Washington at Dallas. The easy money says Dallas wins this game by two touchdowns, but NFC East games are never as easy as they seem. I can actually see the Redskins winning this game on a Campbell to Santana Moss bomb. Thank God we don't pick with the spread, because Washington would be tempting. I can't quite pull the trigger against Dallas yet, though, because their running game makes it hard for Tony Romo to make the offense predictable. I still have a couple of questions about them -- namely: Is it too early to start calling Tony Romo "Mr. September.' If he chokes again late this year, that's what Dallas fans will be calling him. That, or Mr. Jessica Simpson. Or, maybe, just A__Hole. That's possible, too.
Teska's Take: If this was a battle of those yellow Redskins jerseys with the retro logo and the Dallas jersey from the Troy Aikman concussion days with the weird star thing on the shoulder, the voting would probbly go the other way. However, the Cowboys fixed that uniform problem and they win this one with a slight dge. Maybe I'm suiting up Jessica simpson and including her in the voting, but she talks smack every week as if she's suited up, so I think that's allowed.

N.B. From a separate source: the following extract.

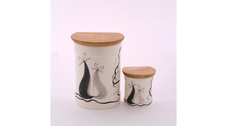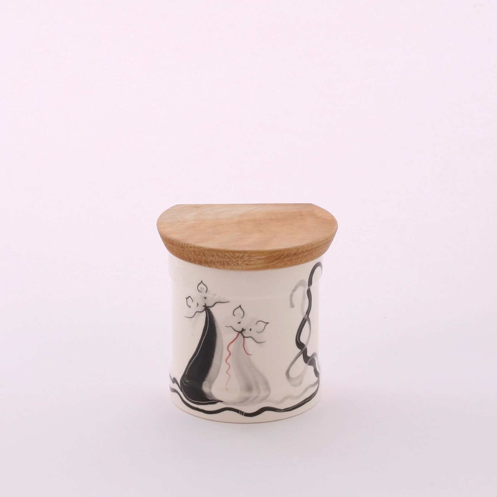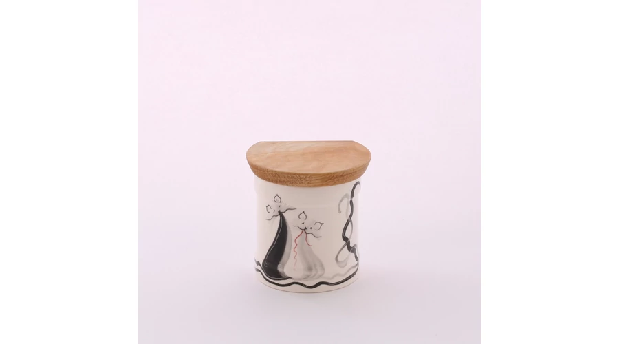 | Kerámia fűszeres edény, kb. 15 dkg fűszerhez, bükkfa tetővel. Kézzel festett cicás mintával. Rendelje meg kívánság szerinti feliratozással, a feliratokat a rendelés során a "Megjegyzés" rovatba tudja beírni. | |

Philadelphia at Chicago. Chicago is one of the few teams that can really step up and hit teams in the mouth. I'm still having trouble figuring out which defensive team is going to show up, though -- sometimes, the Bears' defense just doesn't look as dominating as it should. As for the Eagles, you know which defense is showing up - the Jim Johnson "I'm Blitzing On Every Play Like I'm Playing Madden' defense. Kyle Orton spends most of the second half of this game looking out of his earhole with an embarassing brown splotch on his backside as the Eagles win easily.

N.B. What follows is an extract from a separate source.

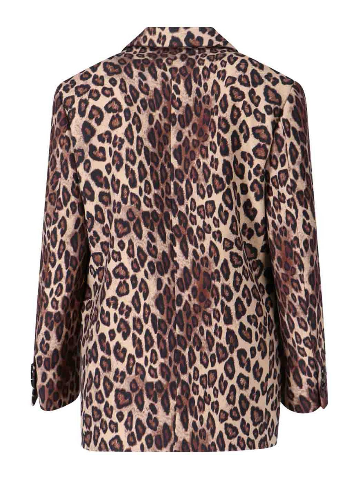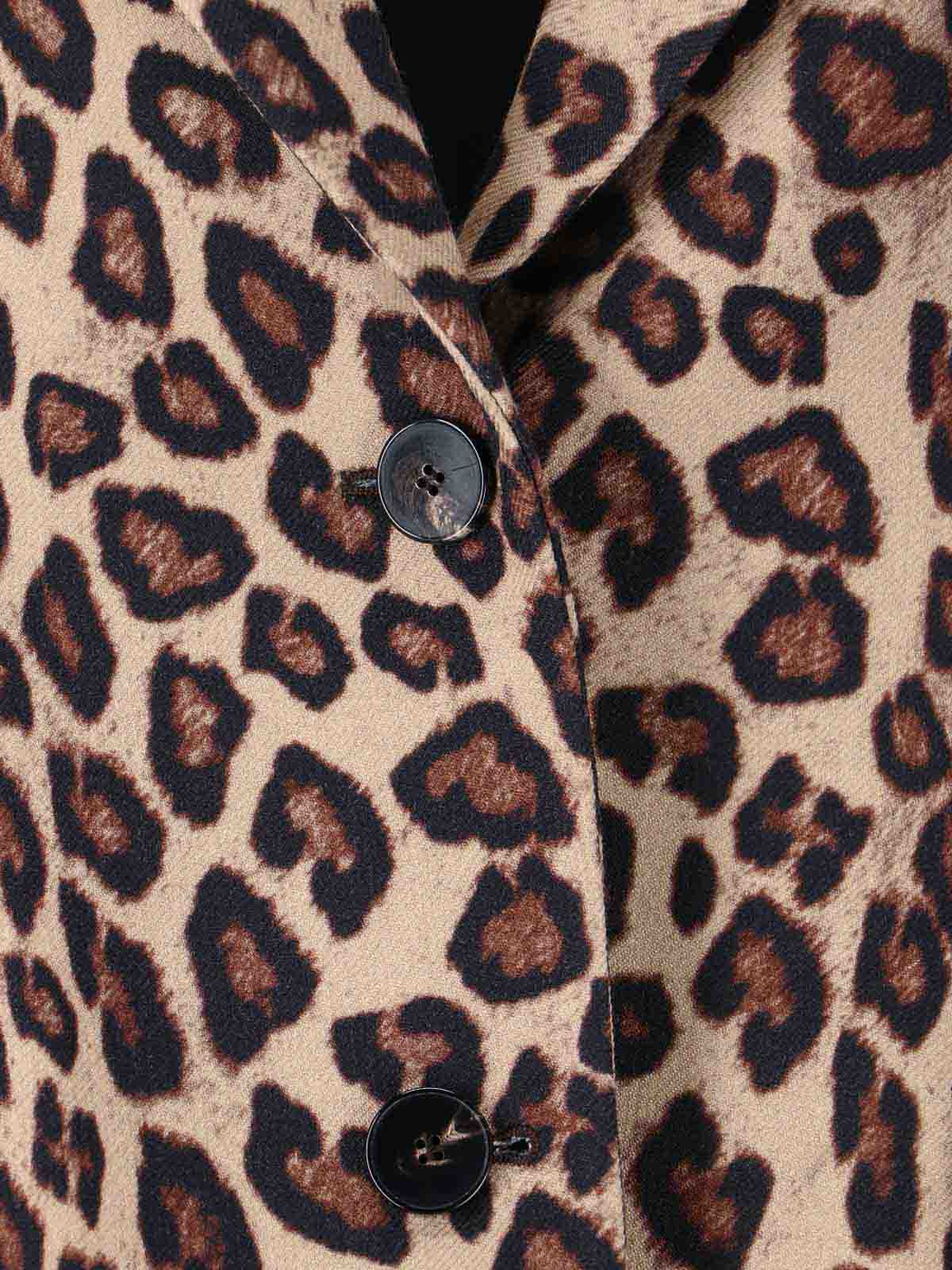 Alberto Biani single-breasted virgin wool blazer, brown, all-over animal print, notch lapels, button closure, one flat front pocket, two side pockets, rear vent detail, buttoned cuffs, straight hem.

Sir Cumference's Take: I'm not at all sold on the Kyle Orton Experience, and the Eagles' defense is very, very good. I don't see the Bears moving the ball at all, and even if they get a special teams TD ou of Hester, it won't be enough to beat Philly.
Baltimore at Pittsburgh. I'm a lot less convinced that Pittsburgh wins this game now than I was two weeks ago. Ben Roethlisberger is banged up, Willie Parker's out with a knee injury and I'm not sold on an offense whose best game came against Houston. If Byron Leftwich is playing in the second half of this game, well, you can probably kiss the Steelers goodbye for the rest of the season, and the Buddha Bellies fantasy season along with it. But, I'm banking on the Steelers offensive line to keep Roethlisberger upright on Monday so he can take off, probably helmetless, on his motorcycle after the game. I feel really, really secure about my fantasy quarterbacking situation right about now. I think Pittsburgh wins on Monday night, and Tony Kornheiser sets the new record for most times calling Roethlisberger by his first name only at 375. Top that, Phil Simms!
Sir Cumference's Take: Baltimore's just not that good -- home wins over Cincy & Cleveland are hardly impressive -- and the Steelers are going to be looking to knock some heads around after what Philly did to them last week. Joe Flacco finally gets to face a real NFL defense, and it probably won't be pretty.